Rational solutions of the equation $Y^3=X^3-5 X^2+8 X-4$

Question

Source: Exercise from algebraic structures class.

The question is:

a) Find all the rational solutions of the equation $$ Y^3=X^3-5 X^2+8 X-4 $$ b) Find all the integer solutions of that equation.

I've tryied: To find a particular solution $(x_0,y_0)$ and then, trying to find a parametrization of the conic obtained by intersecting it with a "pencil" of lines going through the point $(x_0,y_0)$. But this seems difficult to me and also it is a geometrical approach instead of a purely algebraic approach expected from an algebra class.

Thank you in advance :)

Answer 1

Let $W=\frac Y{X-2}$, then since the cubic on the right factorises as $(X-2)^2(X-1)$ we have $$W^2\cdot W(X-2)=X-1$$ $$W^3=\frac{X-1}{X-2}$$ $$X=\frac1{W^3-1}+2$$ Thus (almost) all rational points can be obtained by choosing an arbitrary rational $W$, computing $X$ using the last line above and then computing $Y=W(X-2)$. The parametrisation is $$(X,Y)=\left(\frac1{W^3-1}+2,\frac W{W^3-1}\right)$$ In fact, with rational $W$ the only point not covered is the "point at infinity" – at $W=\infty$ the cusp at $(2,0)$ is obtained.
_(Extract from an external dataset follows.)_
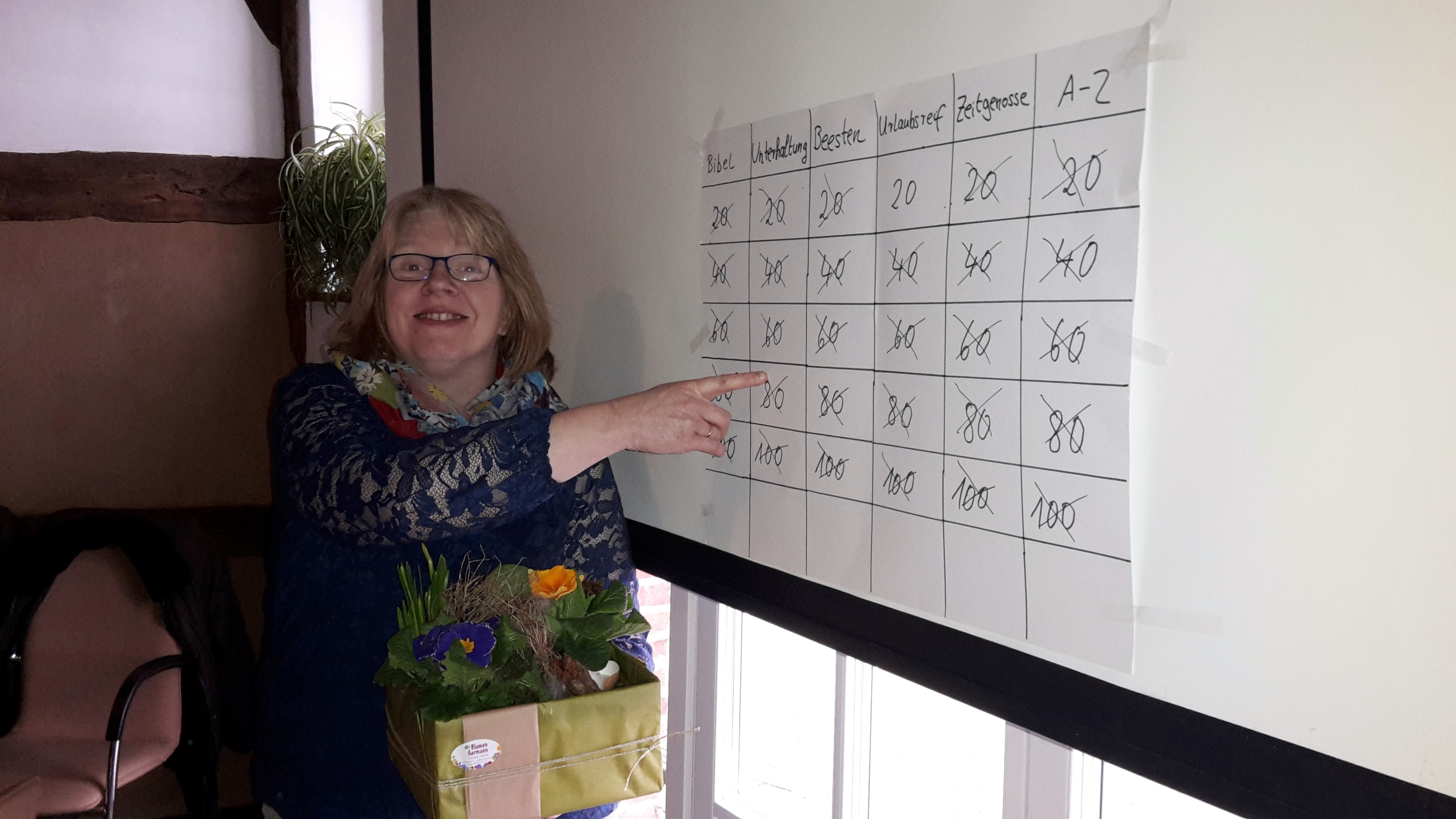 An diesem Morgen wurde ein Quiz gespielt, das von Maria Schröder vorbereitet wurde. Es ging dabei um Wissensfragen aus den Kategorien BEESTEN, BIBEL, ZEITGENOSSEN, URLAUBSREIF, UNTERHALTUNG und A-Z. Jede Tischgruppe bildete ein Rateteam und am Schluss konnte sich das Siegerteam über eine Tüte selbstgemachte Pralinen freuen. Es war ein interessanter und lustiger Vormittag, an dem alle Frauen ihren Spaß hatten.

For integer points we require $W^3-1=1/k$ for some integer $k$ from $X$, whence $W$ must necessarily be rational or at infinity from $Y$ – but then $W^3=\frac{k+1}k$, so $k$ and $k+1$ must be perfect integer cubes. This is only true for $k=-1$ and $k=0$, giving the only integer points on the curve as $(1,0)$ for $W=0$ and $(2,0)$ for $W=\infty$.